Seminar Abstract
Why has the West stopped winning wars? The last time it won a conflict decisively was 1945. It has the best troops, training, technology, equipment, and resources—so what’s the problem? The West loses because it suffers from strategic atrophy. Warfare has moved on, yet the West yearns to fight conventional wars like it’s 1945, the “glory days,” and then wonders why it no longer wins. Forget what you know – wars of the future will look nothing like those of the past. War has moved beyond lethality. Today, all instruments of national power must be used, not just the ones that shoot. Nonkinetic weapons like influence, economics, lawfare and cunning eclipse raw firepower. Modern war is becoming epistemological; telling truth from lies determines winners, not battlefield victory. Warfare has changed and we must change too. The New Rules of War explains how.
About the Speaker
Dr Sean McFate is a Senior Fellow at the Atlantic Council and a professor of strategy at Georgetown University’s School of Foreign Service and the National Defense University in Washington DC. Additionally, he serves as an Advisor to Oxford University’s Centre for Technology and Global Affairs. McFate’s career began as a paratrooper and officer in the U.S. Army’s 82nd Airborne Division, and then he became a private military contractor. His newest book is The New Rules of War and Goliath: Why the West Doesn’t Win Wars.
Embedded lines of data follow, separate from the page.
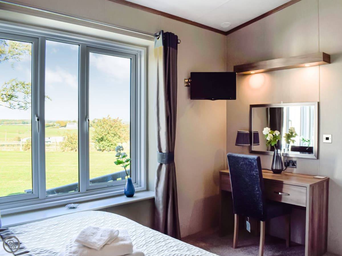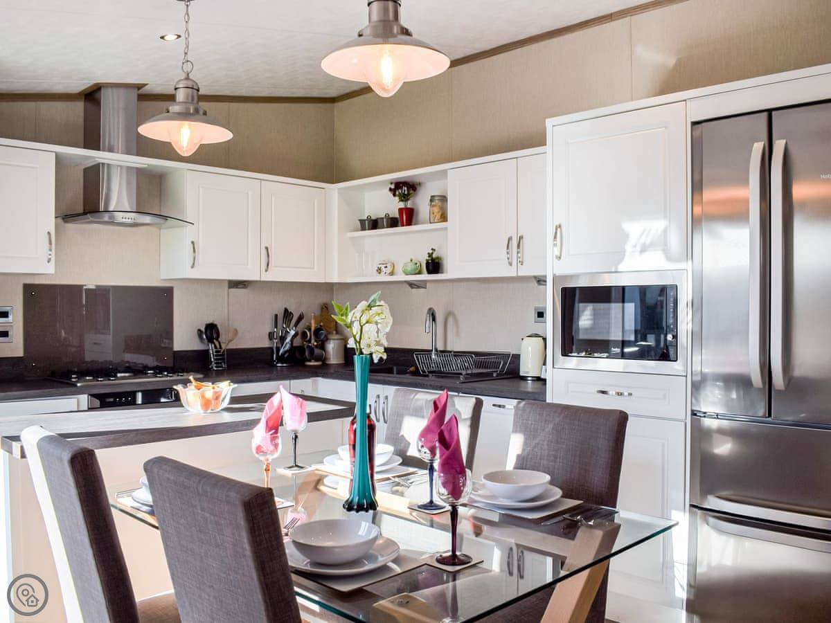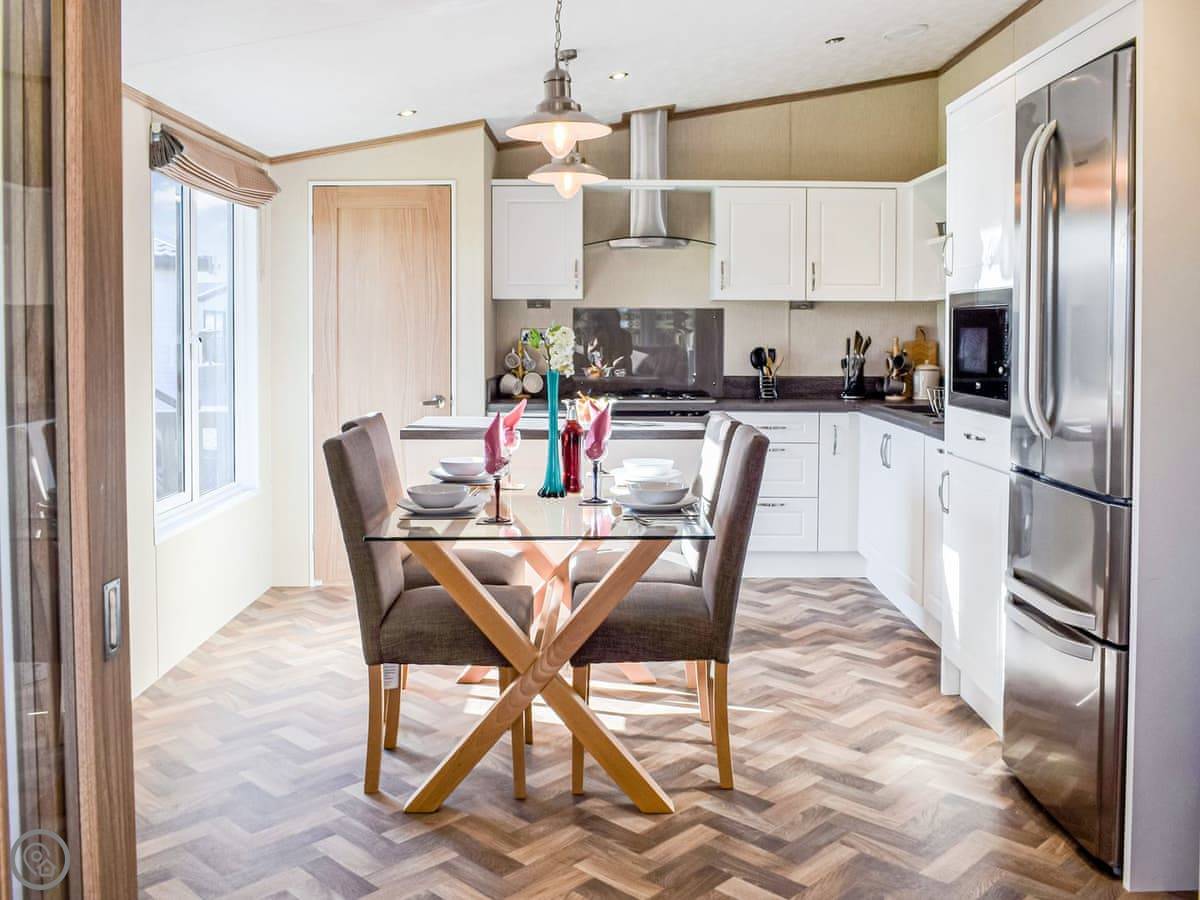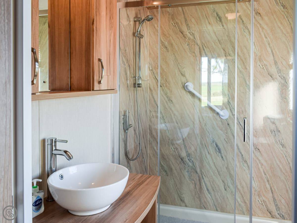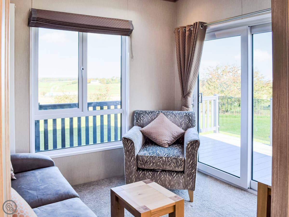 This spacious lodge can be found towards the rear of a small and peaceful park. Boosting of uninterrupted views and spacious surrounds. Ideal for a short break at any time of year. The Retreat can sleep up to six guests, with its very comfortable master bedroom, with dressing area and ensuite, the twin room, followed by the relaxing snug room with a sofa bed . There is a fully equipped, modern kitchen with family dining area. The open plan living room is bright and spacious and leads out to the decking area with garden furniture for enjoying the peace and quiet. This luxury lodge has been built throughout to a high-quality standard and decorated with plush furnishings and finishes. The lodge has a ramp access - ideal for prams and those with mobility needs.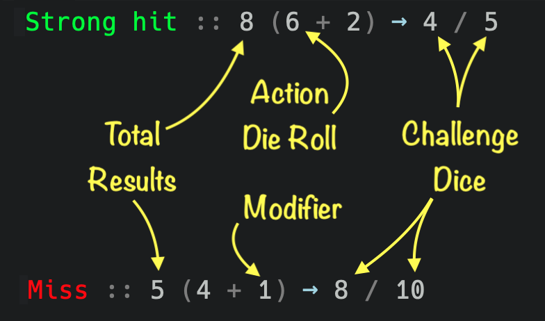 0,1and6roll dice and display the result. Not very interesting. Drolls the Ironsworn dice, two d10s and a d6 allowing you to add all the modifiers you want. Better.e,r,i,h, andwroll against your character's edge, heart, iron, shadow and wits respectively.l,s, andprolls against your current health, spirit and supply respectively.L,S, andPallows you to adjust your health, spirit and supply respectively.Mlet you change your momentum (rolls that benefit from momentum will show it)-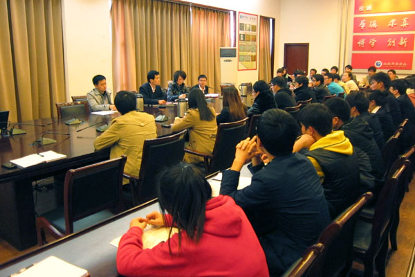 座谈会前,团委书记朱兆健首先向同学们宣布了2013年团委人员工作分工,团委副书记王帆介绍了本年度团委重点工作和主题活动。

And What We Need to Do About It, which has been called “The Freakonomics of modern warfare.” It was picked by The Times and The London Evening Standard for their books of the summer 2019. McFate wrote the novels Shadow War and Deep Black, part of the Tom Locke series based on his own experiences. New York Times #1 bestselling author Mark Greaney said: “I was blown away…. simply one of the most entertaining and intriguing books I’ve read in quite some time.” McFate holds a BA from Brown University, MPP from the Harvard Kennedy School of Government, and a Ph.D. in international relations from the London School of Economics and Political Science (LSE).